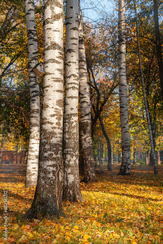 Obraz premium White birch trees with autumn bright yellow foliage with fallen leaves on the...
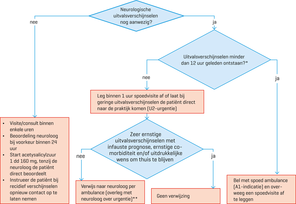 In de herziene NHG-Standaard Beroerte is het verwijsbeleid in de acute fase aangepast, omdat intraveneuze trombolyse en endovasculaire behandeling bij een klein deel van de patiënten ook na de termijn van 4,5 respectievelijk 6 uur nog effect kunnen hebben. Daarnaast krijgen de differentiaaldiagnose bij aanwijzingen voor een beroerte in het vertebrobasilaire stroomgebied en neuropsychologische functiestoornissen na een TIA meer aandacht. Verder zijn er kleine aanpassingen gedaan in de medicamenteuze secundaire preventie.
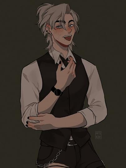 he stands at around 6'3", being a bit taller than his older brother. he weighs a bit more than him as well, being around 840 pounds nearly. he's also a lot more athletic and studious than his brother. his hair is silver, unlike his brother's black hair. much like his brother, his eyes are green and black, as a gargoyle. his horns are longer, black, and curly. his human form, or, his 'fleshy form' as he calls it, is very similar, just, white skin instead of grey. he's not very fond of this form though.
========
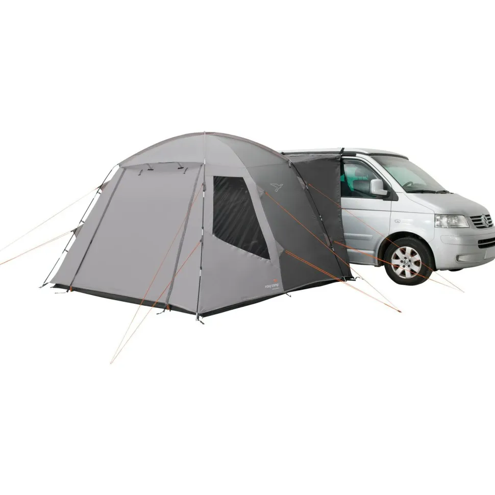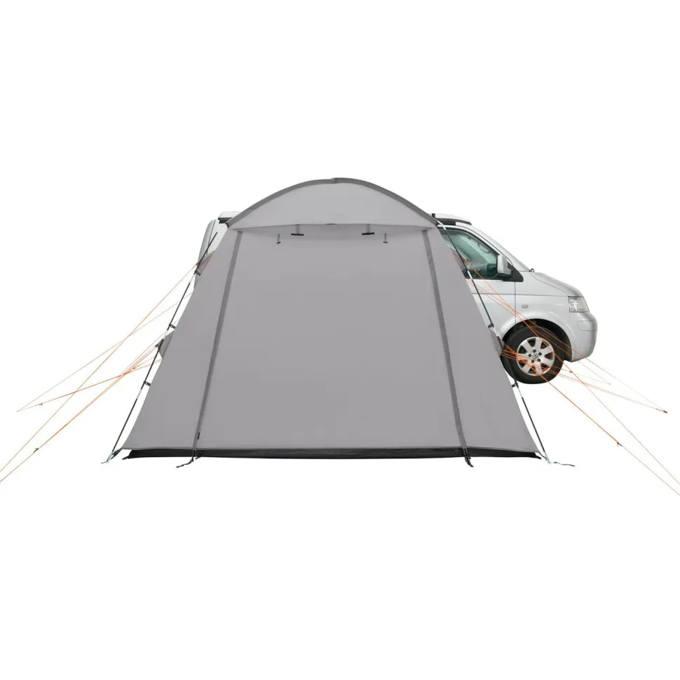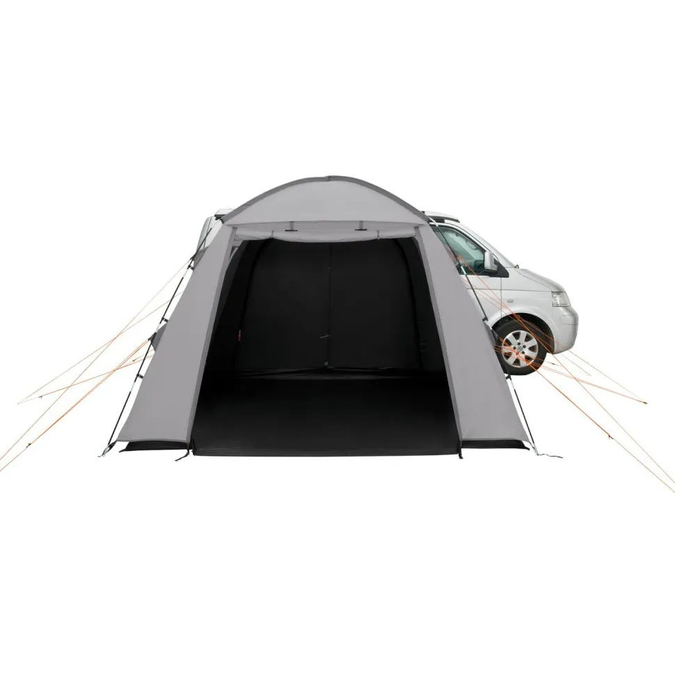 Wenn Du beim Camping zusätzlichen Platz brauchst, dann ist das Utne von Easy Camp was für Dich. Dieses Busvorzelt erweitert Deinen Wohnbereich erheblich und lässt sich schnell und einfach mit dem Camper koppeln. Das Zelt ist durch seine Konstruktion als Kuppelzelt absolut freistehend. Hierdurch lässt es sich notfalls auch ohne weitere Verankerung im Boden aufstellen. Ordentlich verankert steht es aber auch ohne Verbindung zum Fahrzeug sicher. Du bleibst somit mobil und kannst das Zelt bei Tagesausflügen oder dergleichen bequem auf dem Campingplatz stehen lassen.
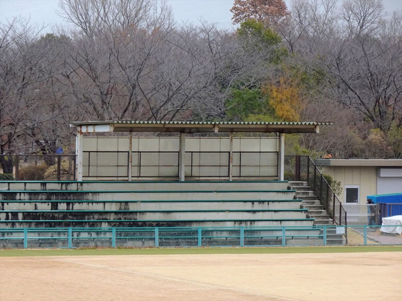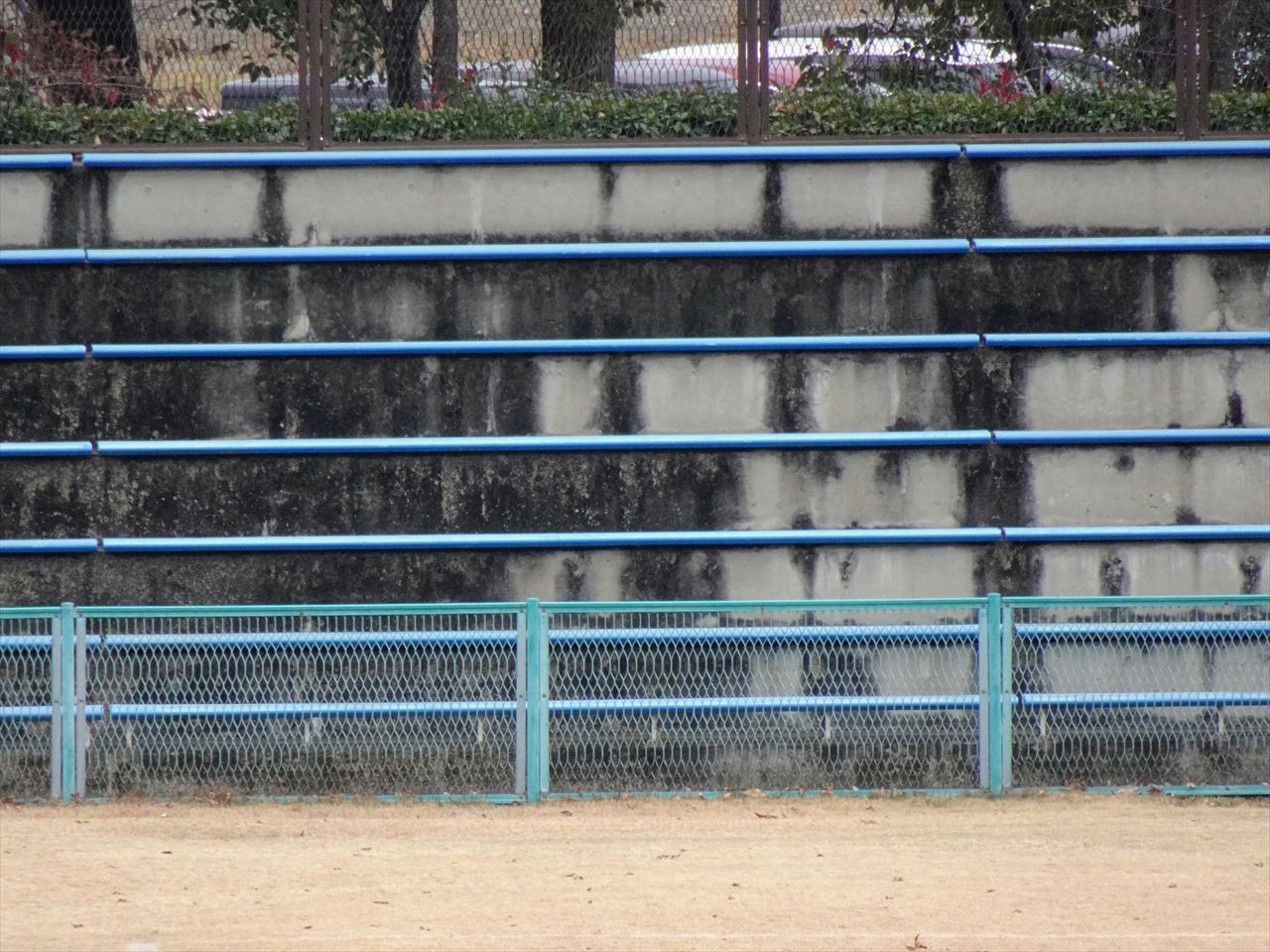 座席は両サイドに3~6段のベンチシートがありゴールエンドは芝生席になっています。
========
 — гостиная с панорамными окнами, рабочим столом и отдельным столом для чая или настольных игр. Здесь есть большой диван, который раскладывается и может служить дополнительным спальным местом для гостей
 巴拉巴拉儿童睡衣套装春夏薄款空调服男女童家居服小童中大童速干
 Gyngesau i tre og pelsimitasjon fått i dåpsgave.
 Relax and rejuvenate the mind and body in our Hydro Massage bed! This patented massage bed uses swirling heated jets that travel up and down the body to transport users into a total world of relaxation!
========
Exercise: Look above for the line with "Wenn Du beim" and copy exactly from it through the line with "座席は両サイドに3~6段のベ", both included. Omit the pictures.

Response:
 Wenn Du beim Camping zusätzlichen Platz brauchst, dann ist das Utne von Easy Camp was für Dich. Dieses Busvorzelt erweitert Deinen Wohnbereich erheblich und lässt sich schnell und einfach mit dem Camper koppeln. Das Zelt ist durch seine Konstruktion als Kuppelzelt absolut freistehend. Hierdurch lässt es sich notfalls auch ohne weitere Verankerung im Boden aufstellen. Ordentlich verankert steht es aber auch ohne Verbindung zum Fahrzeug sicher. Du bleibst somit mobil und kannst das Zelt bei Tagesausflügen oder dergleichen bequem auf dem Campingplatz stehen lassen.
 座席は両サイドに3~6段のベンチシートがありゴールエンドは芝生席になっています。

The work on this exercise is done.